[EM] Reduction for rated multiwinner methods
Kristofer Munsterhjelm
km_elmet at t-online.de
Fri Mar 27 06:16:29 PDT 2015
On 03/09/2015 10:33 PM, Alexander Praetorius wrote:
> I am not sure if i reall ask for whatever zou ean bz "continuous
> election", but from what you write, i for sure might ask for it compared
> to the other option you give me, which would be a "candidate election".
>
> To express it again in my words. There are "a lot of voters" who can
> each vote on a "number" in the interval of ]-oo,+oo[ and they can change
> their vote in every "tick", where each "tick" might be a few nanoseconds
> after the former tick.
> The "result" of each "tick" is calculated from all the numbers voted on
> in each "tick".
> The "result" will be a number in the interval of [-B, A], where the
> numbers B and A are calculated from the "overall picture of votes" in
> each tick, maybe also taking into account former "ticks".
>
> I'm searching for a method that calculates a mean, where extreme votes
> w>A or w<-B are counted with the value of A or B respectively.

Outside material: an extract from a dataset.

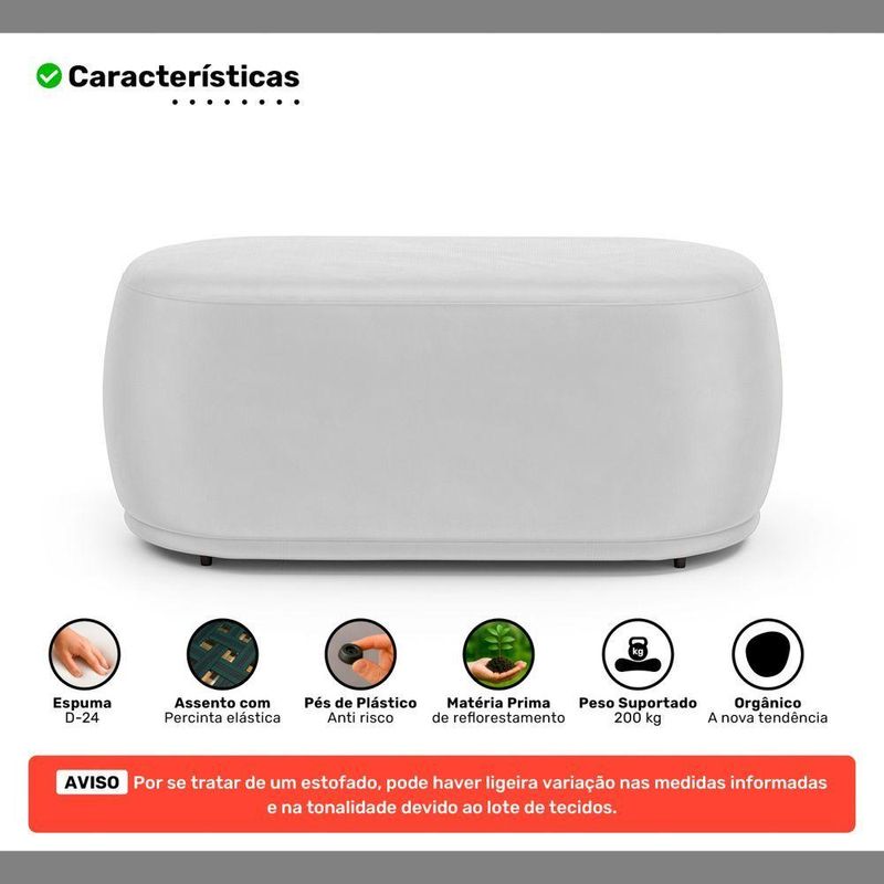 Conjunto 02 Puffs Decorativos Orgânicos Molly Couríssimo Branco - Desk Design Cor BrancoConjunto 02 Puffs Decorativos Orgânicos Molly - Estilo contemporâneo, conforto e versatilidade para qualquer ambiente!O Conjunto de Puffs Molly é ideal para quem busca puffs decorativos com design orgânico e moderno. Composto por um puff para 1 lugar e outro para 2 lugares, oferece funcionalidade com estética minimalista em salas de estar, living, recepções e ambientes corporativos.Ambos os modelos possuem estrutura em madeira de eucalipto, espuma D-24 e percintas elásticas no assento, garantindo conforto, resistência e excelente custo-benefício. As sapatas plásticas completam o conjunto com mais proteção para o piso e praticidade no uso.- Puff com 1 e 2 lugares: Dois tamanhos versáteis para compor diferentes espaços com equilíbrio e estilo- Excelente custo-benefício: Dois produtos em um conjunto funcional, durável e cheio de charme- Estrutura em madeira de eucalipto: Alta resistência para o uso contínuo- Percintas elásticas no assento: Mais conforto e sustentação ao sentarAdicione o Conjunto de Puffs Molly ao seu décor e transforme seu ambiente com originalidade!Dimensões Aproximadas do Puff Maior:Largura: 106 cmAltura: 42 cmProfundidade: 58 cmAltura dos Pés: 2 cmPeso Aproximado: 18 kgDimensões Aproximadas do Puff Menor:Largura: 56 cmAltura: 42 cmProfundidade: 56 cmAltura dos Pés: 2 cmPeso Aproximado: 8 kgATENÇÃO:** PODE HAVER UMA PEQUENA VARIAÇÃO DE COR ENTRE O PRODUTO REAL E A IMAGEM ANUNCIADA DEVIDO AO LOTE DE TECIDOS.** POR SE TRATAR DE UM ESTOFADO, AS MEDIDAS PODEM SOFRER UMA VARIAÇÃO DE ATÉ 3 CM.** PRODUTO ENVIADO MONTADO. VERIFIQUE AS DIMENSÕES E ASSEGURE-SE DE QUE O ITEM PASSARÁ POR ELEVADORES, PORTAS, ESCADAS OU CORREDORES DA SUA RESIDÊNCIA.Características:Material da Estrutura: Madeira de EucaliptoMaterial do Estofamento: Espuma D-24Revestimento: Couríssimo Sintético (PU)Possui Pés: SimTipo de Pés: FixosMaterial dos Pés: PlásticoNúmero de Lugares: 1 e 2Peso Suportado: 100 kg (Menor) e 200 kg (Maior) Sem ImpactoAmbiente Principal: Sala de Estar, Recepção, Consultório, LivingTipo de Produto: Puff Redondo, Puff OrgânicoPossui Manual de Montagem: NãoDiferenciais:- Espuma D-24- Sapatas Plásticas Fixas- Design Orgânico- Percintas Elásticas no AssentoItens Inclusos:- 02 PuffsMontagem:- Complexidade da Montagem: Baixa.- Recomendamos que seja feita por um profissional qualificado.- Produto enviado montado.Garantia de Fábrica:90 dias contra defeito de fabricação.Limpeza e cuidados: Utilizar pano levemente umedecido com água, seguido de pano seco. Não utilizar produtos químicos ou abrasivos na limpeza. Evitar contato com objetos cortantes. Manter ao abrigo de local interno, sem ficar exposto diretamente ao sol, calor e umidade excessivo.Importante:- Pode haver ligeira diferença de tonalidade entre a imagem digital e o produto real por conta do tratamento de imagens e a calibração de cores do seu monitor.- As imagens são meramente ilustrativas, não acompanham objetos de decoração e eletrônicos.- Produto para uso residencial em ambiente interno, não devendo ficar exposto diretamente ao sol, calor e umidades excessivas.- Ao receber a mercadoria verifique a condição da embalagem, caso apresente violação ou esteja danificada não assine o comprovante de entrega.- Montagem, desmontagem e outras instalações é de inteira responsabilidade do cliente.- Caso resida em apartamento ou condomínio é indispensável que confira as dimensões do produto e certifique-se de que passará normalmente por elevadores, portas, escadas e/ou corredores de sua residência. Não nos responsabilizamos no ato da entrega, por subir escadas/elevadores ou pelo transporte por guincho em apartamentos. Eventuais despesas são de responsabilidade do comprador.

> If a voter does NOT CHANGE his vote in the next "tick" it will be
> counted with the value of the former "tick". (Think of a "tick" as a
> "micro period of a few nanoseconds")
>
> If a vote w>A is casted and a future "tick" changes the value of A, the
> value with which this vote w>A will be counted will adapt to the new A.
> Only if the new A will make w <= A, then w will NOT be affected by A,
> because it is well within the current Interval of [-B,A]
That does seem like what I'm calling a continuous election. It could be
discrete (if you want an integer result), but in that case, it would be
easy to convert to it by rounding.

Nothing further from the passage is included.